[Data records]
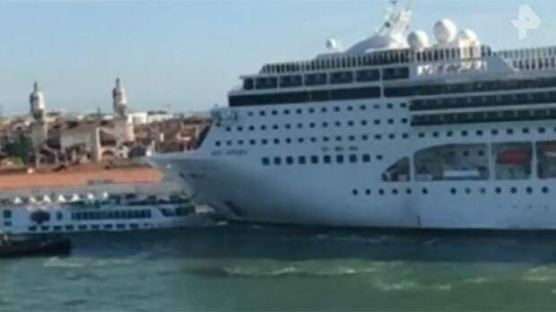 В Венеции для десятков туристов обычная экскурсия едва не закончилась катастрофой. Огромный круизный лайнер просто протаранил крошечное по сравнению с ним прогулочное судно.
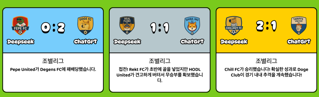- AI 기술을 결합한 판타지 축구 게임: 판타지 페페는 AI 기반으로 구동하는 판타지 축구 플랫폼입니다. 이용자는 경기에서 어느 팀이 승리하고, 몇 번의 골을 기록하는지 등의 결과를 예측할 수 있습니다. 챗지피티, 딥시크 같은 AI 모델이 60초 간 경기를 진행하고 텍스트 기반으로 중계 방송이 나와 재미있게 축구 경기를 예측하는 경험이 가능합니다.
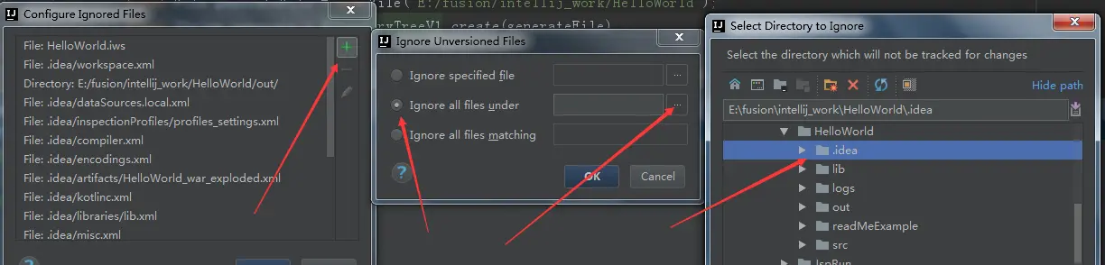 他可以忽略某个文件,或者忽略某个文件夹下的文件,或者是某一类型文件。。。对应上图中间的三个操作。
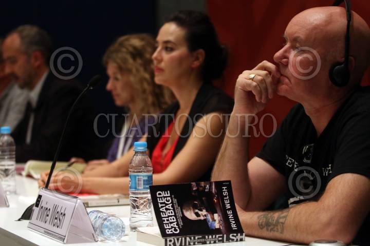 GUADALAJARA, JALISCO, 04DICIEMBRE2015.- Andrea Jeftanovic, Mauricio Montiel, Mariana Perezagua, e Irvine Welsh, participarón en el Encuentro Internacional de Cuentistas, esto en el marco de la edición 29 de la Feria Internacional del Libro de Guadalajara FIL, que tiene como país invitado de honor al Reino Unido. FOTO: FERNANDO CARRANZA GARCIA / CUARTOSCURO.COM
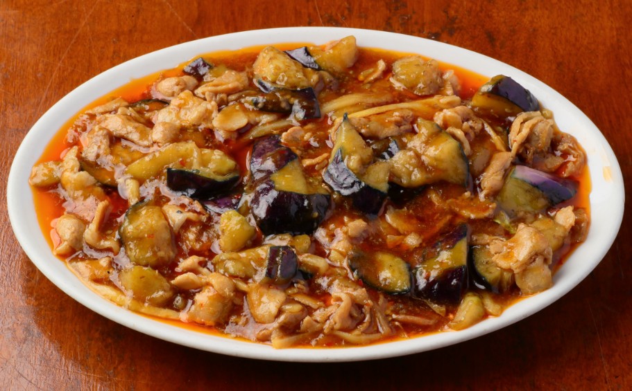 定食人気No.1のピリ辛メニュー「豚肉ナス辛し煮定食」(800円)。たっぷりのナス&豚肉を豆板醤で炒め、隠し味にペースト状の黄桃をイン。キレのある辛さと旨みにご飯が進むひと品※木ご飯、味噌汁、納豆、冷奴、漬物付
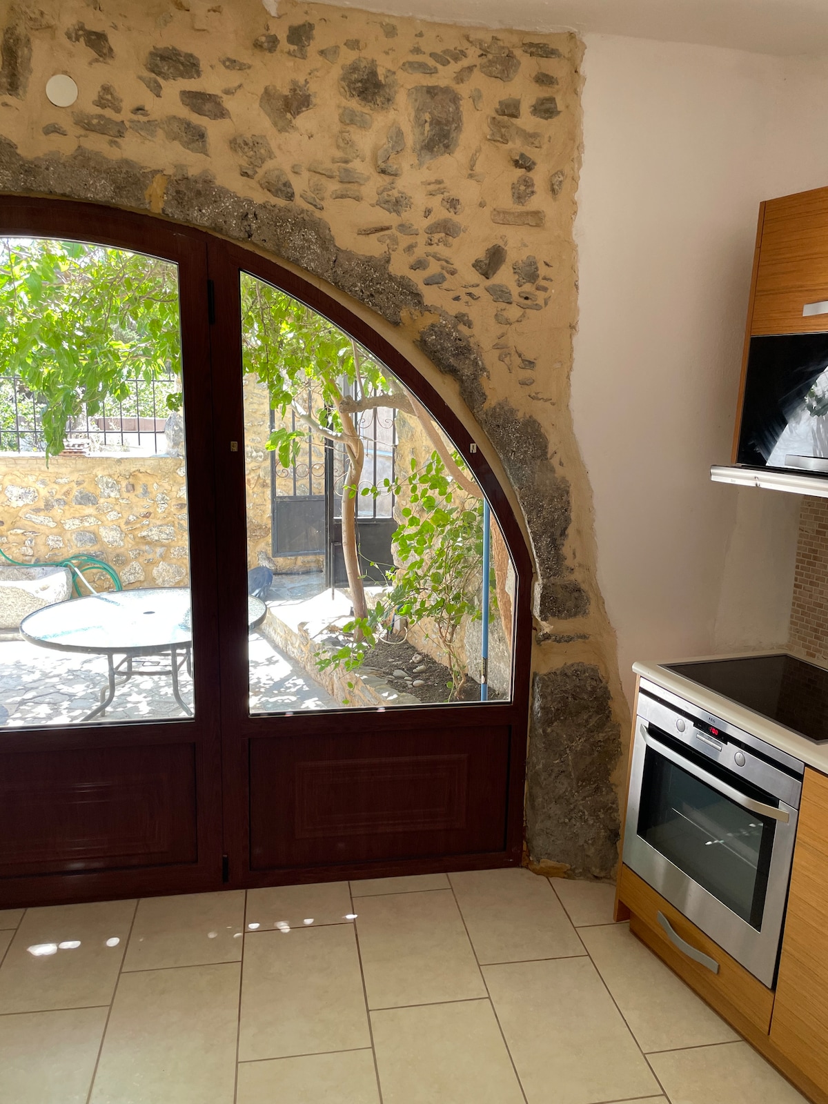 It is a renovated mansion located in the seaside village of Kerames of the Municipality of Agios Vassiliou Rethymno, at a distance of 34 km from Rethymno and 4 km from the southern blue beaches. The property has 2 spacious air-conditioned bedrooms, with TVs throughout, the kitchen has an oven, hob and fridge. The bathroom has hot water, a washing machine and a hairdryer. Features a comfortable terrace overlooking the Libyan Sea.
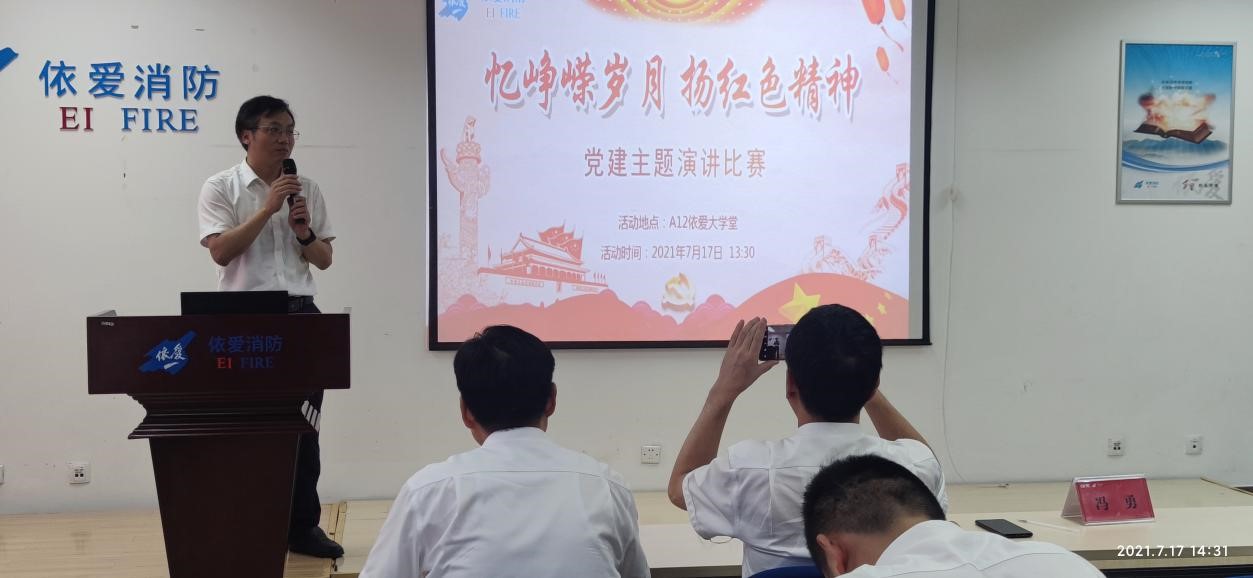 為慶祝中國共產黨建黨100周年,號召員工繼承和發(fā)揚革命前輩不怕苦不怕累的奉獻精神,并將其應用于研發(fā)工作中,2021年7月17日,消防公司研發(fā)部在A12依愛大學堂成功舉辦“憶崢嶸歲月,揚紅色精神”黨建主題演講比賽,研發(fā)部全員參與活動,公司總工程師馮勇、質安部部長孫峻嶺、人力資源部部長范旭東、綜合管理部高級專務李鵬、研發(fā)部副部長張廣標擔任評委。
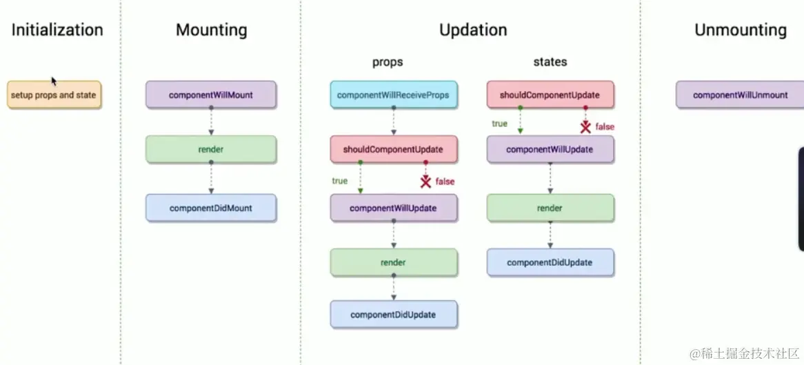 componentWillRecevieProps->shouldComponentUpdated(组件更新之前会被执行,要求返回一个布尔类型的结果)

What this task involves: Beginning with the first line of the records above, extract each line exactly through the line that holds "定食人気No.1のピリ辛メニ", both ends included. Omit pictures.

Response box:
 В Венеции для десятков туристов обычная экскурсия едва не закончилась катастрофой. Огромный круизный лайнер просто протаранил крошечное по сравнению с ним прогулочное судно.
- AI 기술을 결합한 판타지 축구 게임: 판타지 페페는 AI 기반으로 구동하는 판타지 축구 플랫폼입니다. 이용자는 경기에서 어느 팀이 승리하고, 몇 번의 골을 기록하는지 등의 결과를 예측할 수 있습니다. 챗지피티, 딥시크 같은 AI 모델이 60초 간 경기를 진행하고 텍스트 기반으로 중계 방송이 나와 재미있게 축구 경기를 예측하는 경험이 가능합니다.
 他可以忽略某个文件,或者忽略某个文件夹下的文件,或者是某一类型文件。。。对应上图中间的三个操作。
 GUADALAJARA, JALISCO, 04DICIEMBRE2015.- Andrea Jeftanovic, Mauricio Montiel, Mariana Perezagua, e Irvine Welsh, participarón en el Encuentro Internacional de Cuentistas, esto en el marco de la edición 29 de la Feria Internacional del Libro de Guadalajara FIL, que tiene como país invitado de honor al Reino Unido. FOTO: FERNANDO CARRANZA GARCIA / CUARTOSCURO.COM
 定食人気No.1のピリ辛メニュー「豚肉ナス辛し煮定食」(800円)。たっぷりのナス&豚肉を豆板醤で炒め、隠し味にペースト状の黄桃をイン。キレのある辛さと旨みにご飯が進むひと品※木ご飯、味噌汁、納豆、冷奴、漬物付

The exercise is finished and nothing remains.